A key concept is a "distance metric" which is a measure of similarity. There are different measures of correlation. Two common ones are the Euclidean and the Pearson correlations. Euclidean distance looks at just the numbers while the Pearson correlation looks more at trends. This can give very different patterns.

Other measures of distance include: maximum, Manhattan, Canberra, binary and Minkowski.

"For more gene expression experiments you will likely find Pearson correlations to be more appropriate."

This website here talks about using R for hierarchial clustering.

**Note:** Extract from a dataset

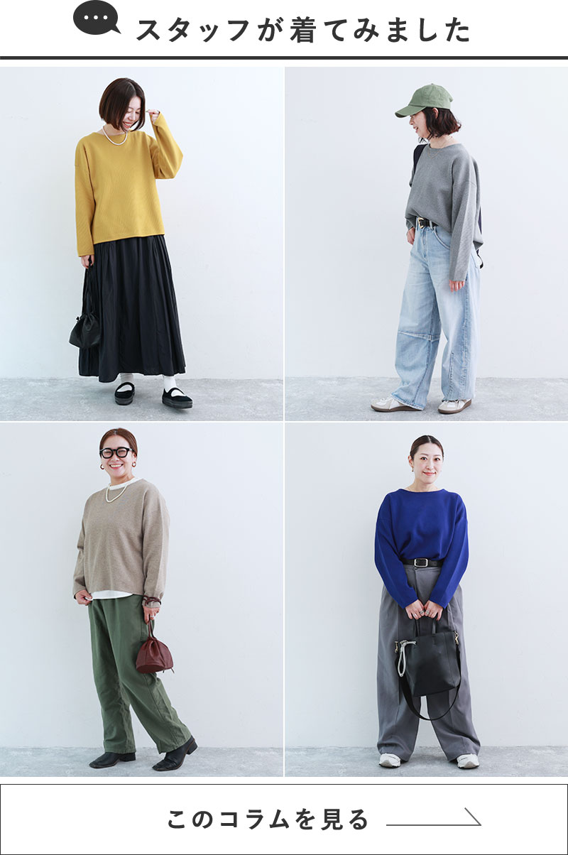 異なる身長のスタッフが着用してみました。サイズ感やコーディネートのご参考にどうぞ。

It talks about various linkage methods: single, median, average, centroid, Ward's, McQuitty's.

Euclidian Distance:- Square root of sum of squares of attribute differences.

This is going to be a learning curve!!!

Tuesday 6 May 2014

Making arrays in different ways....

In order to extract data for multiple proteins, there is a requirement to work with data from multiple proteins.
The question is how to arrange this data.
This is not an trivial question.

When I was extracting the Feature data for one protein, I extracted:

type[i]
desc[i]
stat[i]
start[i]
end[i]

in separate arrays and then I used the "array" function to stitch these all together. This worked well because it held each feature in a separate array and then held the feature list together as well.

I could delete a row when I wanted to remove a whole feature.

However, when I tried to do this for multiple proteins, I used the "push" function. Added the information as individual pieces. Now, when I try to delete, it doesn't remove a row but rather just the individual items.

So "push" and "array" are very different.